The size of such stores has set consumers in motion throughout the region. "A typical grocery store might draw customers from a three-to-five-mile radius," Blazer said. "Our typical customer is coming from twice that far or farther."

In Cincinnati, such competition has caused grocery prices to drop 1.9 percent in 1992 , the largest decline in any city in the United States, according to the Bureau of Labor Statistics. Nationally, grocery prices have accelerated by 1.2 percent.

With profit margins on food so narrow, why are so many competitors entering the fray?

"It's the ability to draw the shopper to your store that everybody is after," said Jagdish N. Sheth, a business professor at Emory University in Atlanta. "With more two-income families, women are not making 20 shopping trips a week.
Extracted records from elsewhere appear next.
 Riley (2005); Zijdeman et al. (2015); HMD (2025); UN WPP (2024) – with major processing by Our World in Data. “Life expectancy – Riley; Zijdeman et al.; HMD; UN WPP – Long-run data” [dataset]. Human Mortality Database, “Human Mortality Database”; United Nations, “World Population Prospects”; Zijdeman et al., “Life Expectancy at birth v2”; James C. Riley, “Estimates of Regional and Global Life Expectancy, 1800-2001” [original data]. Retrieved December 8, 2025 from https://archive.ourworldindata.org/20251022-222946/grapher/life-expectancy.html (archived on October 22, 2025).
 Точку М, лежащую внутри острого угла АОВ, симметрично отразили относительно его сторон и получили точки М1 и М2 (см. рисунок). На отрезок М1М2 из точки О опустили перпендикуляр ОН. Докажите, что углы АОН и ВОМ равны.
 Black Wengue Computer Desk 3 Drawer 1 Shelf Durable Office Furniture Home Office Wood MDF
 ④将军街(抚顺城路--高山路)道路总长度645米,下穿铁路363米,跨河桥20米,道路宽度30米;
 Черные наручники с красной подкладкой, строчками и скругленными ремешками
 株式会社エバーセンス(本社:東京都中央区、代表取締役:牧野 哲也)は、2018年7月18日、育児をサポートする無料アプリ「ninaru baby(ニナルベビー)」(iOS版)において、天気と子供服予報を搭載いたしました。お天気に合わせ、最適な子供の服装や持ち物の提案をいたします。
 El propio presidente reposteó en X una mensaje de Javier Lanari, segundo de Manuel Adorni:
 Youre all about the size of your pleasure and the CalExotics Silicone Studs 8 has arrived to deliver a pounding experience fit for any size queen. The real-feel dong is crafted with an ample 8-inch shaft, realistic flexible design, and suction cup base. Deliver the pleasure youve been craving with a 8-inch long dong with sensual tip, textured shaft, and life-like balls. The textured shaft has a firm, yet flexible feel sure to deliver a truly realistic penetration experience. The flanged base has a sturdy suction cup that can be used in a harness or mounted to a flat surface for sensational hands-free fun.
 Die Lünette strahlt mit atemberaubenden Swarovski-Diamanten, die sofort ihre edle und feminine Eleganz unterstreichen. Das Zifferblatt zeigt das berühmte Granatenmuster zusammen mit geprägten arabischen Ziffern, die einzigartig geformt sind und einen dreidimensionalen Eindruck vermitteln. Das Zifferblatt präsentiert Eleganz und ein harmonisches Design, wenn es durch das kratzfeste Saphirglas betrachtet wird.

They're going to make one foray. So if you can offer them the convenience of getting everything in one place, they're going to walk through your door."

Bernish of Kroger added: "What everybody is fighting about is the repeat customer. Somehow, you have to attract a customer and keep them. In 100 years of business, everything we've learned is ultimately geared to retaining the customer and then persuading them they don't need to go anywhere else."

But wars tend to have casualties. "It's one thing to get sales, and another thing to get profits," said Lee D. Wilder, a food retailing analyst with Robinson Humphrey Co., an Atlanta brokerage firm. "People can lose money, and do. Most of the players in the industry do not have to report profits."

Indeed, many of the industry's largest companies are privately held, including Publix, Supermarkets General, Meijer, HEB Grocery, Grand Union, and Food 4 Less Supermarkets, with annual sales of $3 billion to $6 billion. No chain has established a nationwide presence.

There is little agreement on the future of food retailing. While many analysts are predicting significant shake-outs and shallow long-term profit growth, some of the major players are girding for even more expansion.

All agreed, the competition was unlikely to abate.